Task requirements ▸
Output exactly the lines of the listing below that run from the line with "04 फ़रवरी 2026 दैनिक ध्रुव वाणी ई-पेपर Page: 4" through the line with "최은순과 도이치모터스 임원, 동일 IP에서 246차례 거래". No pictures.

Exercise data ▸
──────

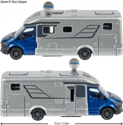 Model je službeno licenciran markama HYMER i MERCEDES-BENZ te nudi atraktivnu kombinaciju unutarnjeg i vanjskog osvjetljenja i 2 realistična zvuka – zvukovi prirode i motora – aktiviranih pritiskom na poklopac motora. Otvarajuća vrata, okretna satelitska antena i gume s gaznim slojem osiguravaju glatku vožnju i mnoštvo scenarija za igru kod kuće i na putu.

──────

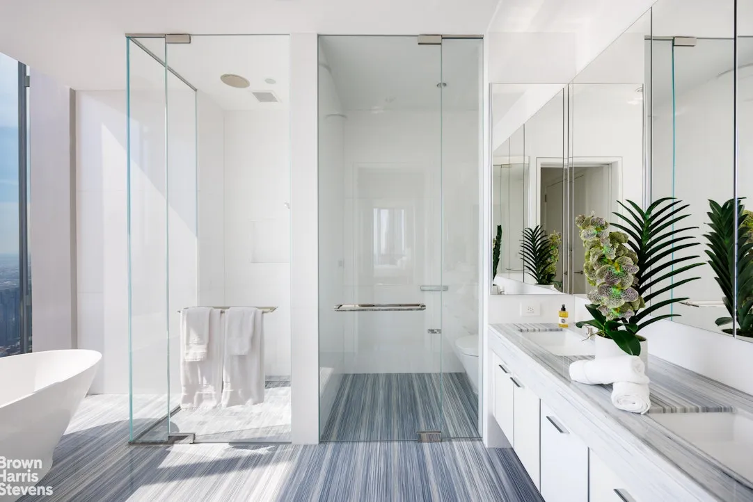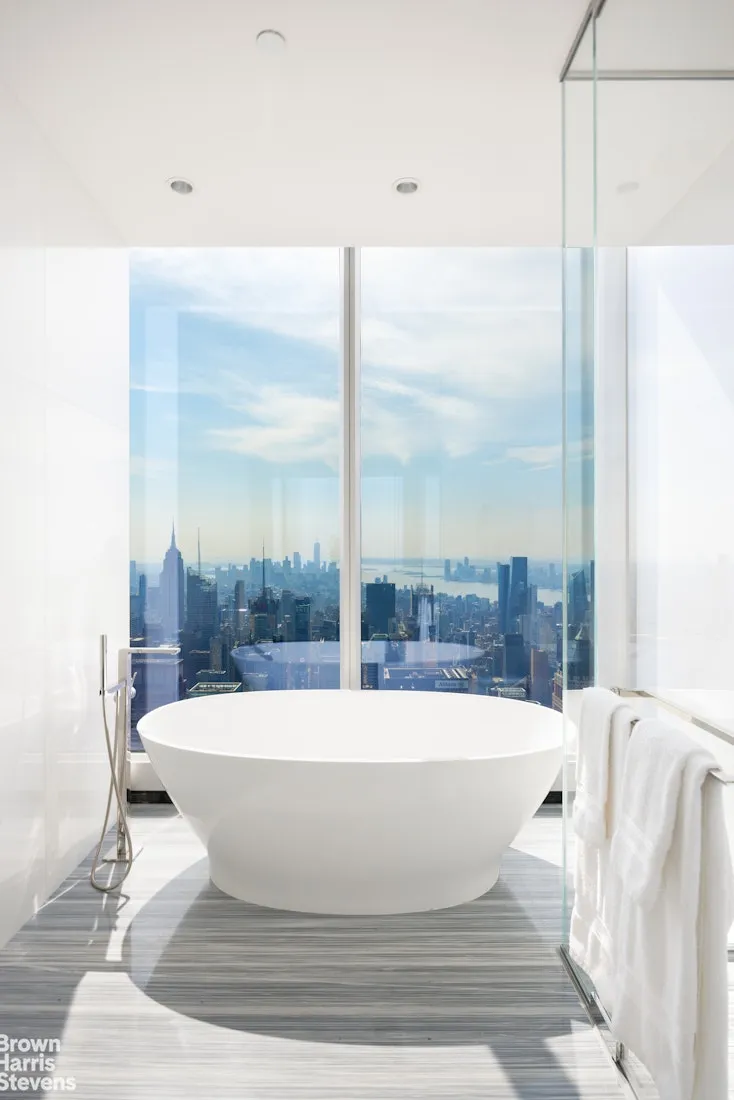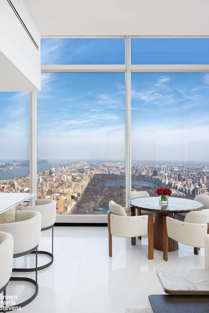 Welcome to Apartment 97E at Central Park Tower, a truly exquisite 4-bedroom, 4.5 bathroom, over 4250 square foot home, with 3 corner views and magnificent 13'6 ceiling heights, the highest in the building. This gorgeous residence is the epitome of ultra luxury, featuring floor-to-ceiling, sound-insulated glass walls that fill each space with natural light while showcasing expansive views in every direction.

──────

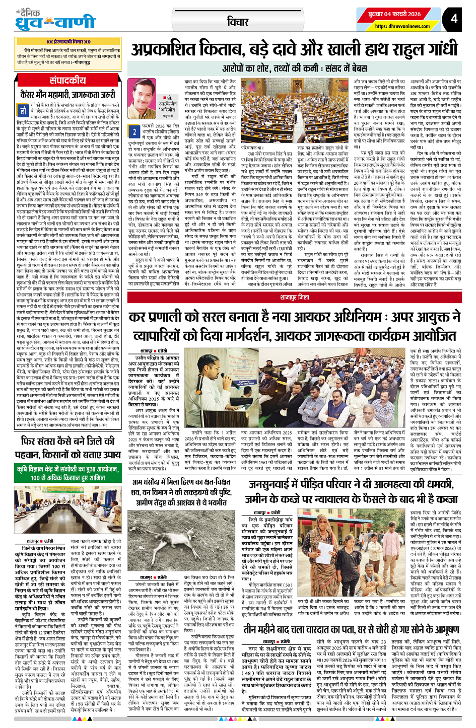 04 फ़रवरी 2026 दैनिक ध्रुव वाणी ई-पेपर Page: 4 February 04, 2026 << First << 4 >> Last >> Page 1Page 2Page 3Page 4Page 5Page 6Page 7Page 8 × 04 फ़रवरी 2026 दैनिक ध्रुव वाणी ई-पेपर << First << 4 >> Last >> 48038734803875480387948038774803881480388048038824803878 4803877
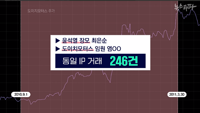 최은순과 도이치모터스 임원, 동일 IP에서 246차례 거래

──────

Exercise output ▸
 04 फ़रवरी 2026 दैनिक ध्रुव वाणी ई-पेपर Page: 4 February 04, 2026 << First << 4 >> Last >> Page 1Page 2Page 3Page 4Page 5Page 6Page 7Page 8 × 04 फ़रवरी 2026 दैनिक ध्रुव वाणी ई-पेपर << First << 4 >> Last >> 48038734803875480387948038774803881480388048038824803878 4803877
 최은순과 도이치모터스 임원, 동일 IP에서 246차례 거래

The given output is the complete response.